If the vectors are linearly dependent, their span does not increase beyond the span of any subset of those vectors.
To find out if a vector is in the span of a set of vectors, you can set up a system of equations to see if you can express that vector as a linear combination of the others.
The concept of span is fundamental in determining whether a set of vectors forms a basis for a vector space.
Review Questions
How can you determine if a particular vector is included in the span of a given set of vectors?
To determine if a vector is included in the span of a set of vectors, you can create a system of linear equations where the target vector is expressed as a linear combination of the given vectors. This involves assigning coefficients to each vector and solving for these coefficients. If you find a solution that satisfies all equations, then the vector lies within the span. If no solution exists, it means that the vector cannot be formed from those vectors.
In what ways does the concept of span relate to linear independence and basis within a vector space?
Span is deeply connected to linear independence and basis because it helps define how much space can be covered by a set of vectors. A basis is defined as a set of vectors that are both linearly independent and whose span fills up the entire vector space. If any vector in a basis can be expressed as a linear combination of others, then it is not independent, which would reduce the dimension and coverage of their span. Thus, analyzing span allows us to understand and verify properties related to independence and basis.

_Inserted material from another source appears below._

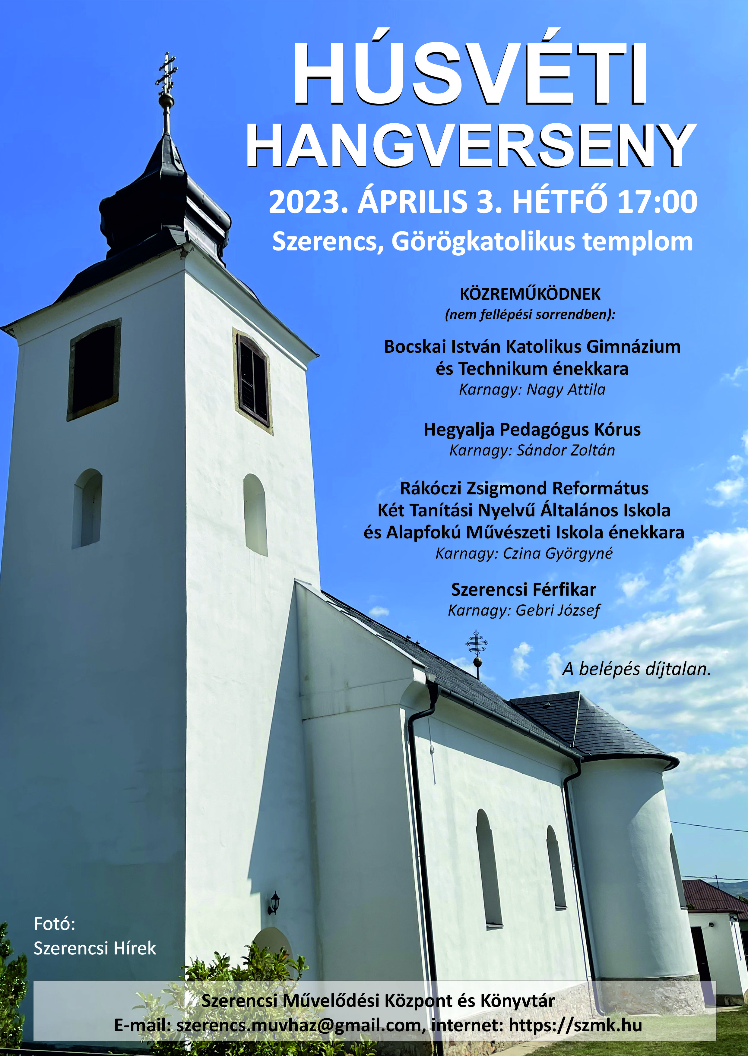 Minden érdeklődőt szeretettel várnak 2023. április 3-án, hétfőn a húsvéti hangversenyre a szerencsi görögkatolikus templomba.
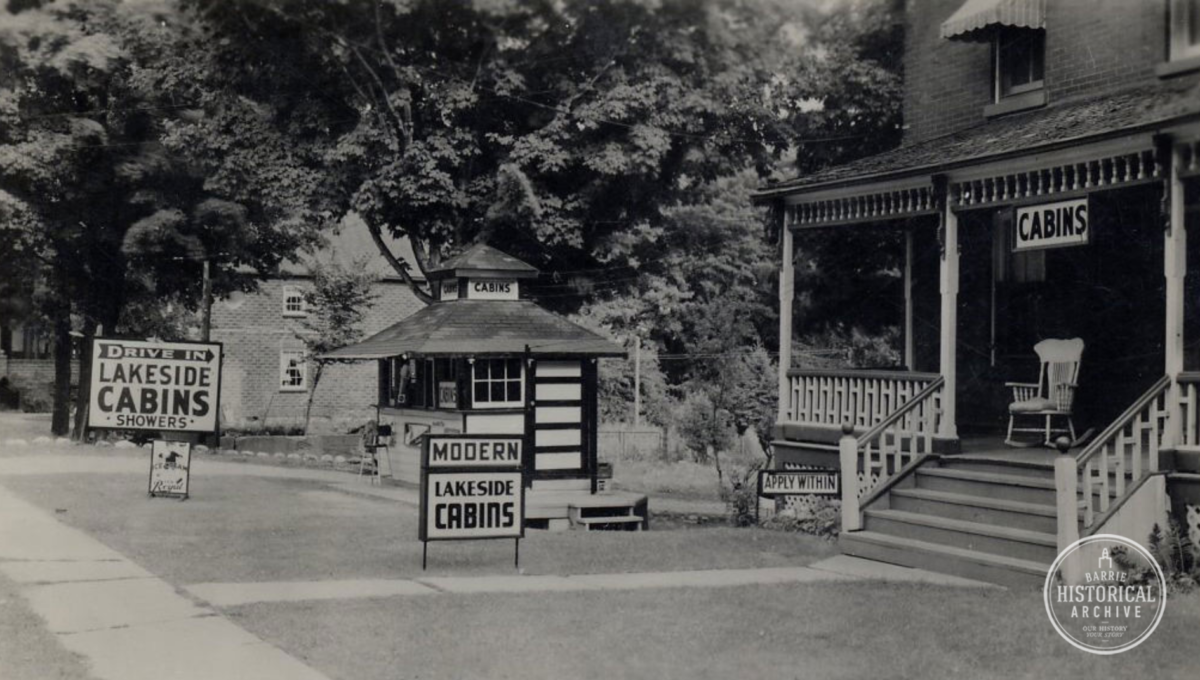 Lake Simcoe Motel had humble beginnings as Smith Cabins, established in the early 1920s by Simcoe County Deputy Sheriff Benjamin Walker Smith, son of Simcoe County’s first sheriff, B.W. Smith. Smith allowed people to stay overnight on his property overlooking Blake Street. Originally, guests would simply pitch a tent on Smith’s property. Later, the Barrie Kiwanis Club built washrooms opposite Smith’s property on the original site of Barrie Collegiate on the north-west corner of Blake Street and Rodney Street. The washrooms were moved to the Smith property after a neighbour complained.

Evaluate how changing one vector in a linearly independent set affects its span and overall structure as a basis.
Changing one vector in a linearly independent set can have significant implications for its span and whether it still forms a basis. If the new vector remains linearly independent from the others, it may expand the span, allowing for more coverage in the vector space. However, if this new vector can be represented as a linear combination of existing vectors, it would render the set linearly dependent, potentially reducing its effectiveness as a basis. This highlights how carefully selecting vectors is critical for maintaining the desired dimensional properties and coverage within the space.
Related terms
Linear Combination: A linear combination is an expression formed by multiplying each vector in a set by a scalar and then adding the results together.
A basis is a set of linearly independent vectors that spans a vector space, meaning every vector in that space can be expressed as a linear combination of the basis vectors.